Probably the best way would just be to ask them.

 

What hormones or chemicals are measured if we wanted to guage a person's happiness? Or do we measure brain activity? What area of the brain is asociated with happiness or satisfaction?

Well, cortisol is the stress hormone, so low levels of that would be associated with low stress. The nucleus accumbens and ventral tegmental area are associated with reward, as is the transmitter substance dopamine. Higher activity in those areas and higher levels of dopamine are associated with euphoria and reward.

 

If it were possible to do such research, media executives can more accurately predict how much satisfactions viewers will get from movies, books, newspapers, etc.

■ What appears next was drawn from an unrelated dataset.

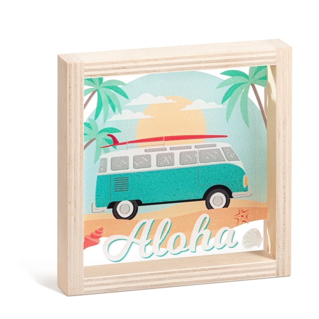 Ξύλινο καδράκι με print plexiglass παράσταση.Η παράσταση απεικονίζει σε διάφανο χρώμα ένα βεραμάν van ALOHA .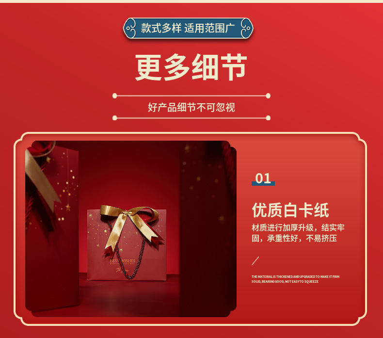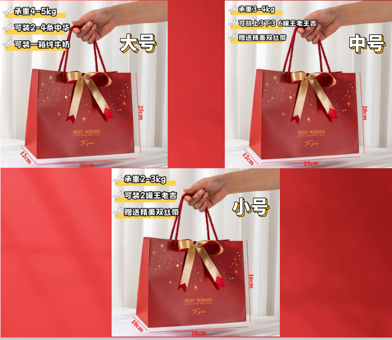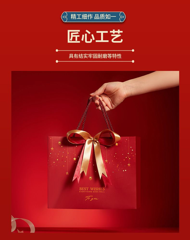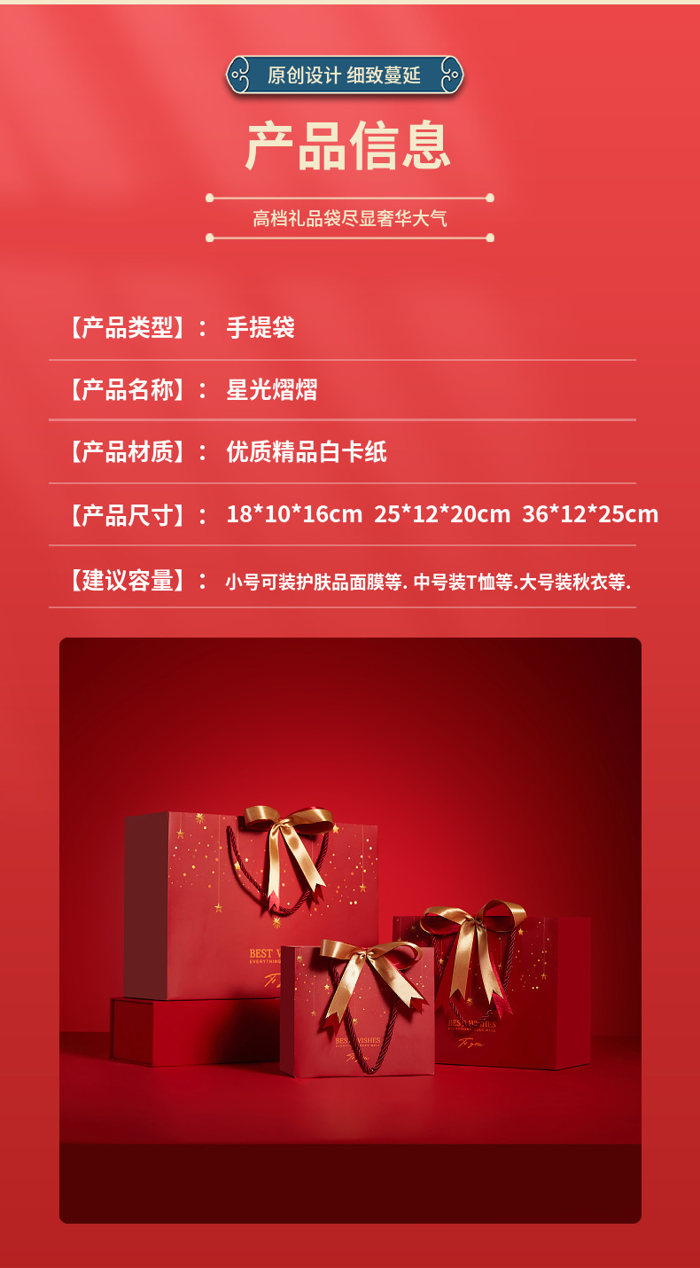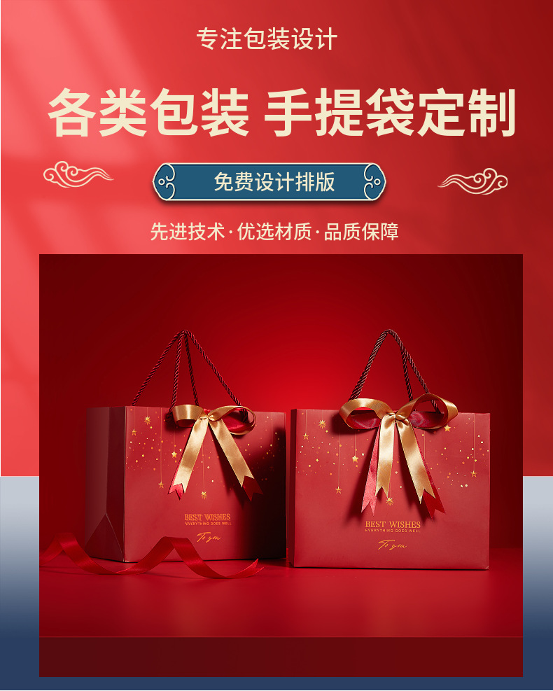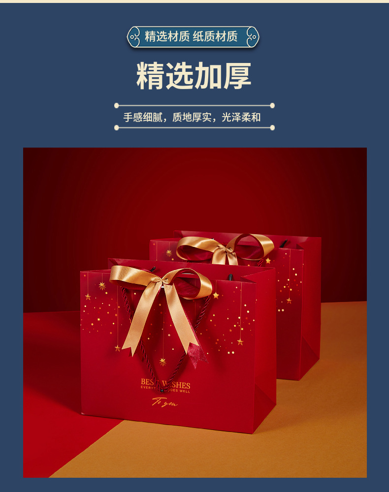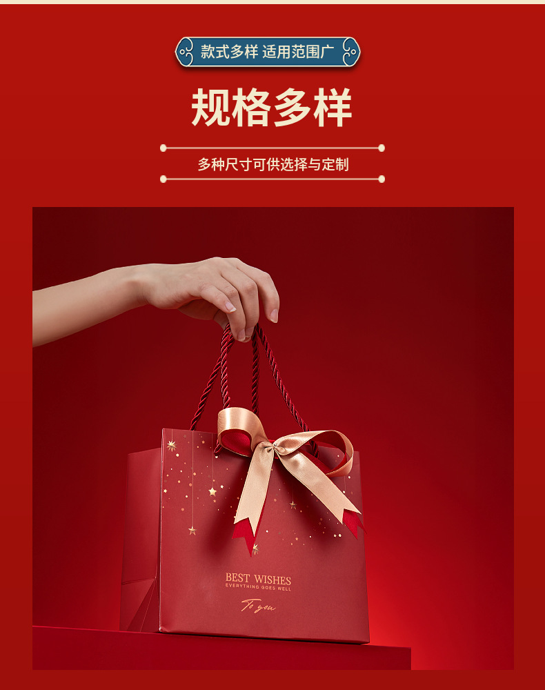 情人节新年礼品袋生日伴手红色喜礼袋节庆通用纸袋赠丝带手提袋

Nope, not really. All these things, cortisol levels, dopamine levels and activity in the brain reward system are only correlates of the experience. For example, high levels of cortisol are associated with stress, but low levels (and the absence of the post waking spike) can also be associated with depression. Dopamine is the principal substance in the reward system. Higher levels there are associated with euphoria and happiness, but high levels of dopamine are also associated with schitzophrenia.

 

You could try galvanic skin response (GSR) measurements whilst people were watching the films/reading the books etc., but even these are just corrolates of stress responses. You couldn't translate the recordings into experience in any meaningful way. How would you tell the difference between e.g. excitement and anger (very similar GSR), or 'calmness' and 'about to go to sleep through boredom' (again, very similar GSR).

 

As I said, probably the best way of measuring a person's level of satisfaction would be just to ask them, and I believe that media executives spend a lot of time and money doing that already.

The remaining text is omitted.